Where the burning breath of battle had not yet touched them, lush apple trees blossomed along the side streets. Unless the hulls had cut the trunks of the century-old lindens, they had soft, green leaves on them, and they glided down and stuck like brightly colored postcards on the hot gray armor of Russian tanks. In the gardens, multicolored tulips swayed from gunshots, and the lilac smelled faintly through the acrid smoke.

But a hot, sour smell rose from the underground sinkholes - the smell of sweaty men, from damp hiding places, scorched by flamethrowers. Boys in gray-green and forged boots emerged from the stench of the subway. These were some of the last Hitler Youth. Some of them were drunk, and some were staggering with fatigue, some were crying, and some were hiccupping. Another square about a mile from Wilhelmstrasse was captured, and another red banner flapped over the landscape with dead bodies and abandoned swastika armbands.
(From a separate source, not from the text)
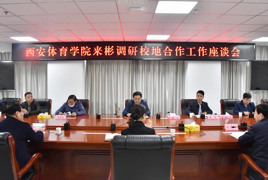 随后召开的座谈会上,张虹介绍了彬州市整体发展状况及体育工作开展情况,他表示,彬州市委市政府高度重视体育事业发展,大力开展全民健身活动,曾获得“全国群众体育先进单位”“陕西省全民健身示范县”荣誉称号。希望与beat365中国唯一官方网站开展校地合作,助力彬州开启体育事业发展新篇章。王选平对彬州市体育工作开展情况进行了详细的说明。吕锋同志介绍了彬州市体育教育情况。beat365官网党委校长办公室主任张军对beat365官网基本情况和此次校地合作的方向做了介绍。随后双方围绕合作专业及细节问题进行了深入探讨与交流。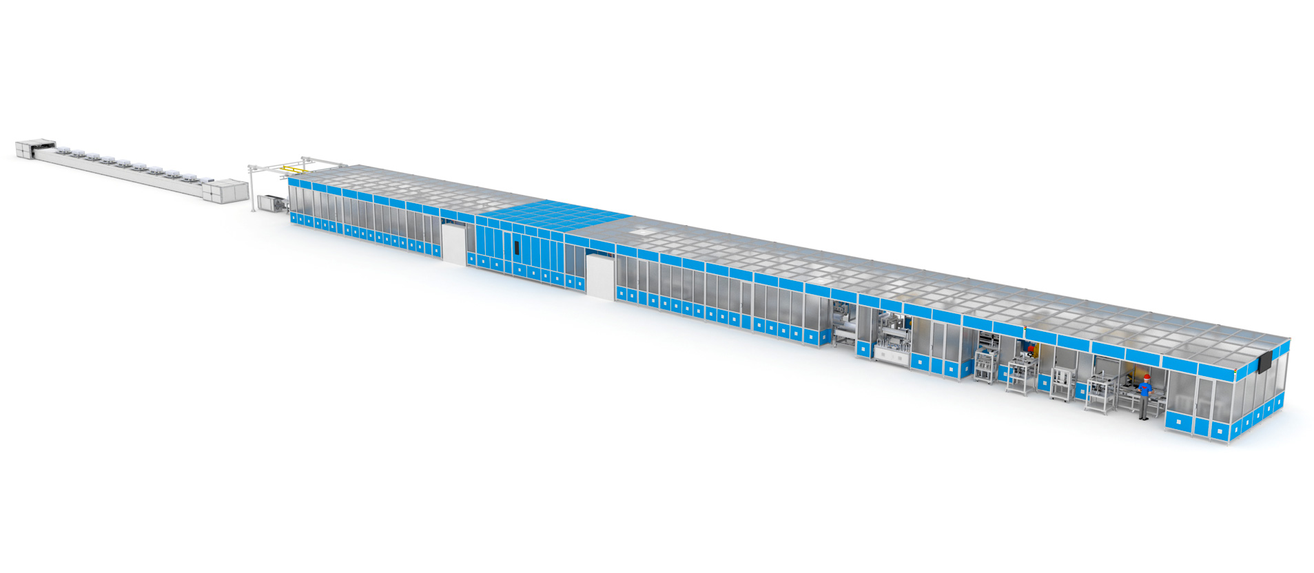 该产线是将方形电芯组装成模组,再将模组组装成储能电池包的自动化生产线,其工艺流程包括:电芯上料、OCV/IR、电芯处理、模组堆叠、汇流排焊接、焊接检查、模组测试(EOL),PACK组装等。

Tanks and cannons came to this bridgehead, and then to others, and, finally, to everything in the ruins of Unter den Linden. Katyusha rockets screeched over the Brandenburg Gate. Then, against the background of the flames, the Red Banner of Victory soared over the burnt-out Reichstag building. But even after the 10-day battle was won, the Germans died hard.

Red monument

But Berlin was a masterpiece in a different way - the finishing wide brushstroke was applied to the canvas by Marshal Georgy Konstantinovich Zhukov who came from Moscow in 41 months of battles. In the ashes and ashes of death, Berlin stood as a monument to the great suffering and monumental firmness of the Red Army, and the imperturbable Marshal Zhukov was the main instrument of this army's victory. Rising from the darkest days before Moscow, rising from the bloody pit of Stalingrad and the snow, dirt and dust of Ukraine and Poland, he now stood before Berlin as one of the truly great commanders of World War II.

To a greater extent than any other person, except for his boss, Joseph Stalin, on strong shoulders and strong legs, Deputy Commander-in-Chief Zhukov bore the responsibility for the life and death of the Soviet state. Not a single Allied commander deployed or led a large number of troops and weapons, for an attack on Berlin from the north and central part of Germany, he had 4,000,000 people. No Allied commander has strategized on such a grandiose geographic scale; none matched his complex tactics and massive attacks.

Zhukov seemed to have been marked for more in history. Politically loyal to Stalin and a confidant of the Communist Party, he could now be a tool for the delicate tasks of running a defeated Germany and destroying the Japanese army.